Context

This post documents a piece of coursework I completed in April 2021 for the final year of my physics batchelors degree. The brief was to use Python (or C++) to build an outlined simulation, or analyse some given data, extract meaningful resulsts, then write a 3000 word paper describing and evaluating the process.

There was not total freedom to choose the subject of the work, but I had read about the Ising model previously and was eager to learn more so this suited me fine.

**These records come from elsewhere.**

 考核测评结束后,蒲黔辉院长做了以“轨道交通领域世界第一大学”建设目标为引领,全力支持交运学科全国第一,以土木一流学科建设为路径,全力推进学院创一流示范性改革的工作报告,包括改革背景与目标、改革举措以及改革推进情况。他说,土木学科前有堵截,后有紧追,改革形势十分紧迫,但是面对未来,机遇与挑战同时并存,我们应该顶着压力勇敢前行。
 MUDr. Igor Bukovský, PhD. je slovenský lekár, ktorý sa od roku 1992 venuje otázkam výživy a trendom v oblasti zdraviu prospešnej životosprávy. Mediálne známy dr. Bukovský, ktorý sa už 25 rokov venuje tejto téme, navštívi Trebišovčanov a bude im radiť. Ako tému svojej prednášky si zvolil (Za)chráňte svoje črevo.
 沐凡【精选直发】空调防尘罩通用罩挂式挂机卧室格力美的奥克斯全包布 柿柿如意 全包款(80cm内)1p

The paper itself is attached as a pdf below, and I have reproduced the abstract for this webpage. Meanwhile, all the code is available on my GitHub, and there is an example listing from the main numerical module below.

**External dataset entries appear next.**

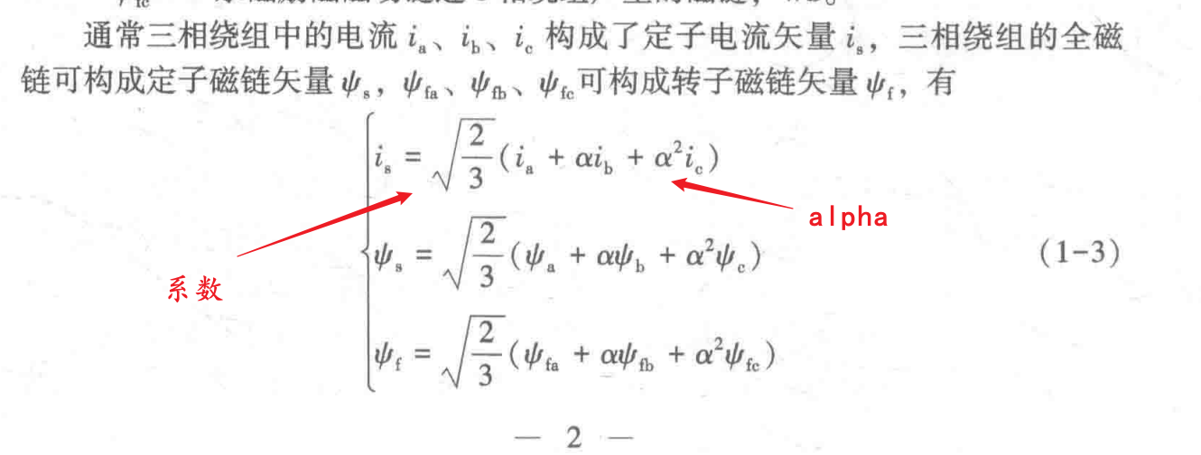 在看《永磁同步电机调速系统控制技术》这本书时, 遇到了 α\alphaα这个符号, 以及定子电流矢量前面的系数表示, 特此记录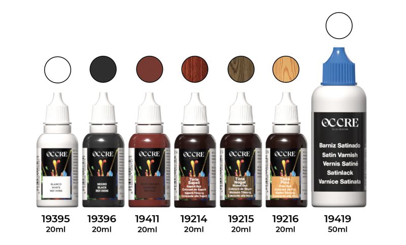 Sada vodou ředitelných a netoxických akrylových barev, mořidel a akrylového polomatného bezbarvého laku pro model Royal Fortune kat.č. 12015.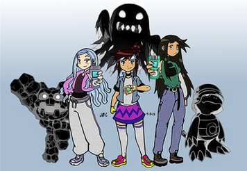 Credit to jsketch12 (on Twitter) for the inspiration: a male, non-binary and female Pokemon trainer.Related content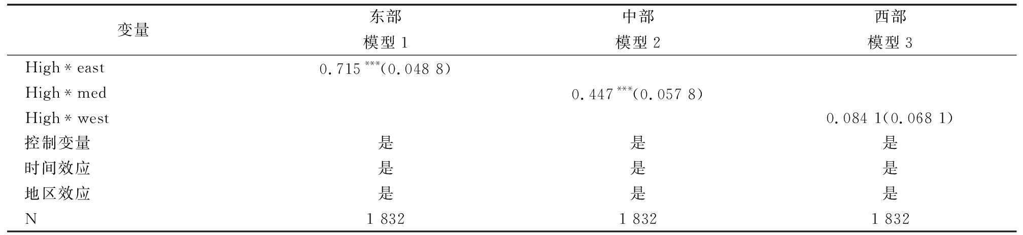变量东部模型1中部模型2西部模型3High*east0.715***(0.048 8)High*med0.447***(0.057 8)High*west0.084 1(0.068 1)控制变量是是是时间效应是是是地区效应是是是N1 8321 8321 832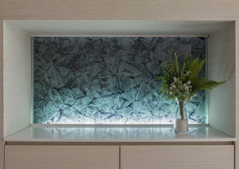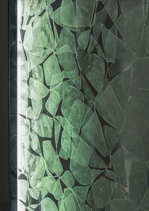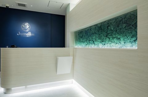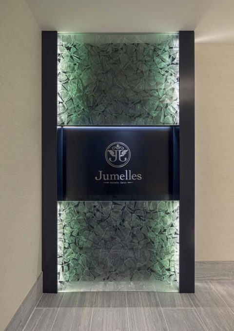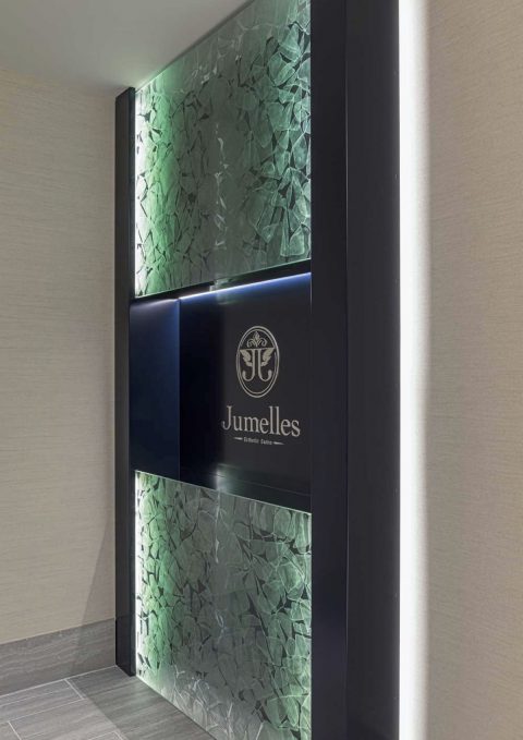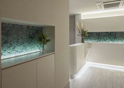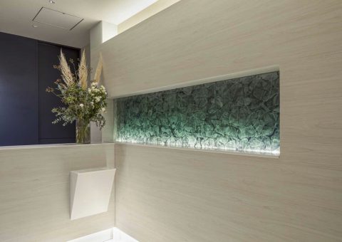都心にありながら、喧騒から離れた代官山の一角に佇む、プライベートエステサロン。立体的な花びら模様を結晶化させた「雪花硝子」を用いた内装は、表情豊かに空間を演出する。これまでのエステから一歩先へ。空間に癒されて、技術で美しくなり、心が満たされる空間を目指している。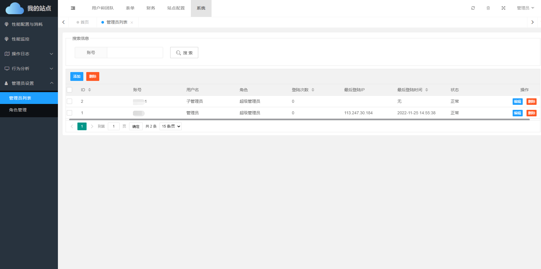 • 管理员列表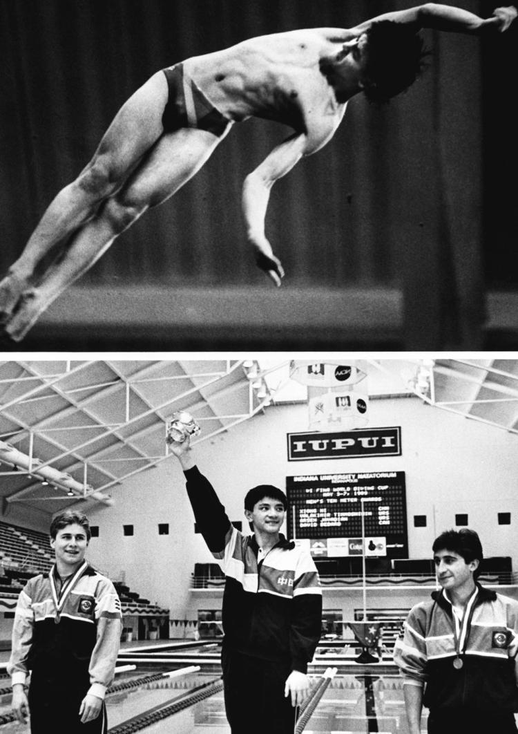1989年5月7日,中國選手熊倪奪得第六屆世界杯跳水賽男子十米跳臺跳水冠軍。上圖是他在比賽中,下圖是他在領獎臺上。新華社記者 韓居策 攝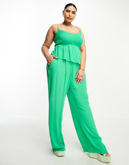 Conjunto verde luminoso de top de tirantes fruncido y pantalones de pernera ancha de Vero Moda Curve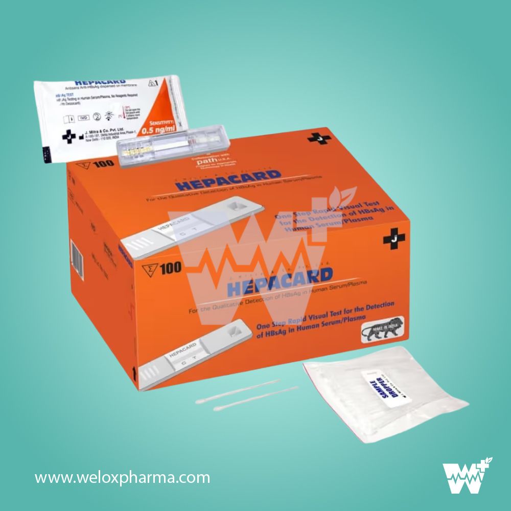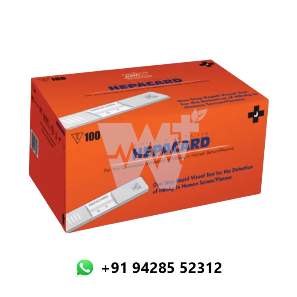 The J. Mitra Hepacard HBsAg Rapid Test is a fast and reliable diagnostic tool for the qualitative detection of Hepatitis B surface antigen (HBsAg) in human whole blood, serum, or plasma samples. Designed for ease of use and rapid results, this test enables healthcare professionals to screen for Hepatitis B Virus (HBV) infections efficiently, ensuring timely diagnosis and effective patient management.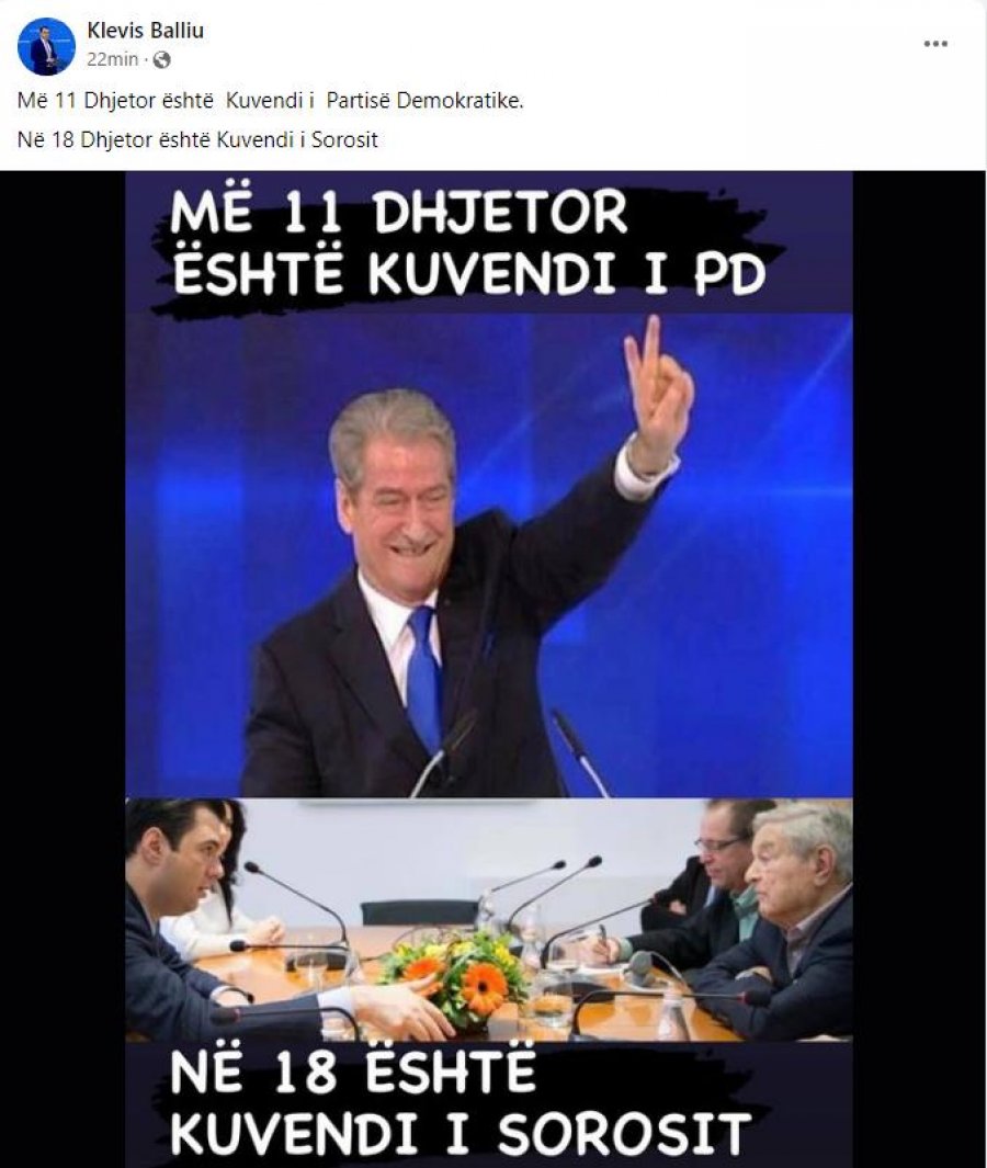 “Më 11 dhjetor është Kuvendi i Partisë Demokratike. Në 18 dhjetor është Kuvendi i Sorosit”, shkruan Balliu në shenimin e tij që e shoqëron edhe me një fotomontazh.

A 256x256 Ising lattice below its critical temperature reaching equilibrium. Black pixels represent 'up' spins, and white 'down' spins.

Abstract

In this paper, we present observations of a two-dimensional Ising model, simulated with the Metropolis algorithm, a Markov chain Monte Carlo method. Square lattices are used, with periodic boundary conditions and nearest-neighbour spin-spin interactions. Considerations of Markov chain convergence and time correlations are taken into account, and the variation of magnetisation and heat capacity with temperature is observed, for a range of lattice sizes and applied magnetic fields. Hysteretic phenomena in the Ising model under an applied field are also investigated. In addition, we make an estimate of the critical temperature of an infinite 2D lattice, \(2.263 \pm 0.013 \; J/k_B\). Onsager’s analytical result of \(2/\ln(1 + \sqrt{2}) \; J/k_B\) differs from our estimate by only 0.2%, and lies within error.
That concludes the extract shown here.